▶ **Data section**:
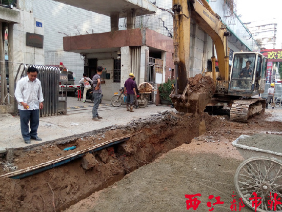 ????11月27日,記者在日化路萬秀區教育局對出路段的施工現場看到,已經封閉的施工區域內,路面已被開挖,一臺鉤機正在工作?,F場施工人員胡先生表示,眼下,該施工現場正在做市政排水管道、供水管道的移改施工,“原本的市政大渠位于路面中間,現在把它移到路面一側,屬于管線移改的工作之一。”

* * *

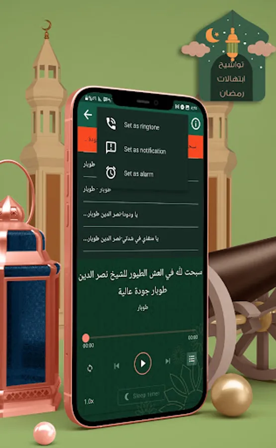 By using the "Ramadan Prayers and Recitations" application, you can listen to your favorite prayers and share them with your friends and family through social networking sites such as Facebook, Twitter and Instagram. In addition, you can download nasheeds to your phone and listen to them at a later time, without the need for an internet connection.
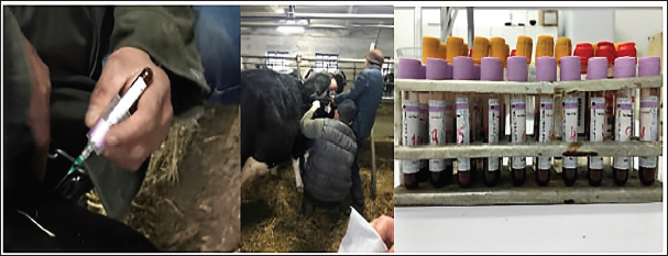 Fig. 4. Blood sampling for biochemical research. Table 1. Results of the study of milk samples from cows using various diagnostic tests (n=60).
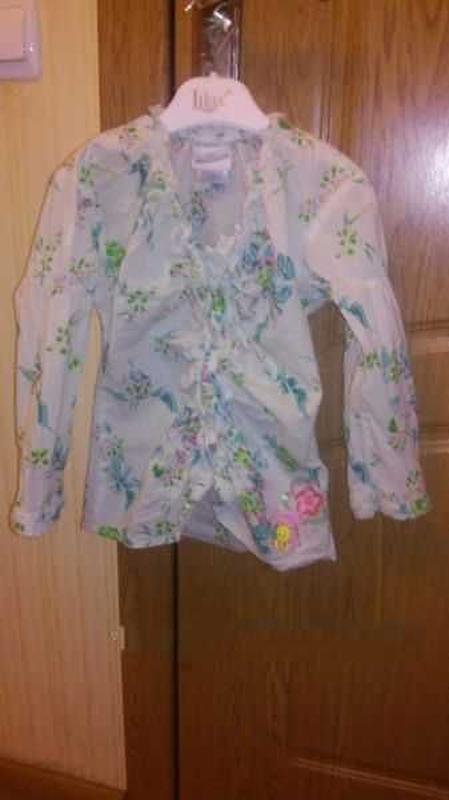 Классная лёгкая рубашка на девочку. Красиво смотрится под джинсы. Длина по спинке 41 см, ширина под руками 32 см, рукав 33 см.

---

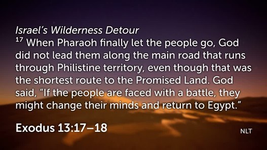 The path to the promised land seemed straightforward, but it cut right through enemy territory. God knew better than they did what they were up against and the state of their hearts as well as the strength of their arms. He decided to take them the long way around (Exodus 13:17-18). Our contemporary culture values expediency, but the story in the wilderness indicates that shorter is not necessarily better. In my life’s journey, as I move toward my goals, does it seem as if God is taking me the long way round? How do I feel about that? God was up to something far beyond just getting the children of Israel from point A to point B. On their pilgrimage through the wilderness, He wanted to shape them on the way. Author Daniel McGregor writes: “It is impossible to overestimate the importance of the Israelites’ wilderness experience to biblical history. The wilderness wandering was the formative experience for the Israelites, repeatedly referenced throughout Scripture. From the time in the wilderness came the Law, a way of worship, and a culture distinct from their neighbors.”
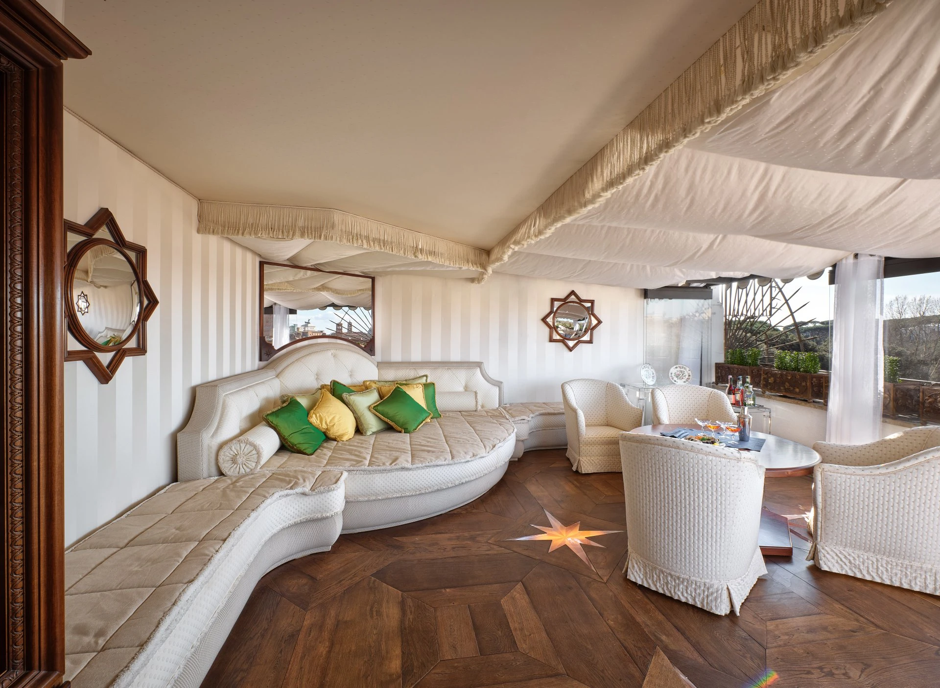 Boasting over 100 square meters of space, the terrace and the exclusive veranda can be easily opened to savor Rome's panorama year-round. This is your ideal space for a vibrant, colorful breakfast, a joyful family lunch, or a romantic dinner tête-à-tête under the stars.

▶ **What you need to do**: Give back exactly, and solely, the section of the data above bounded by the line containing "Fig. 4. Blood" and the line containing "Классная лёгкая рубашка", both bounding lines included and pictures omitted.

▶ **Solution for this problem**:
 Fig. 4. Blood sampling for biochemical research. Table 1. Results of the study of milk samples from cows using various diagnostic tests (n=60).
 Классная лёгкая рубашка на девочку. Красиво смотрится под джинсы. Длина по спинке 41 см, ширина под руками 32 см, рукав 33 см.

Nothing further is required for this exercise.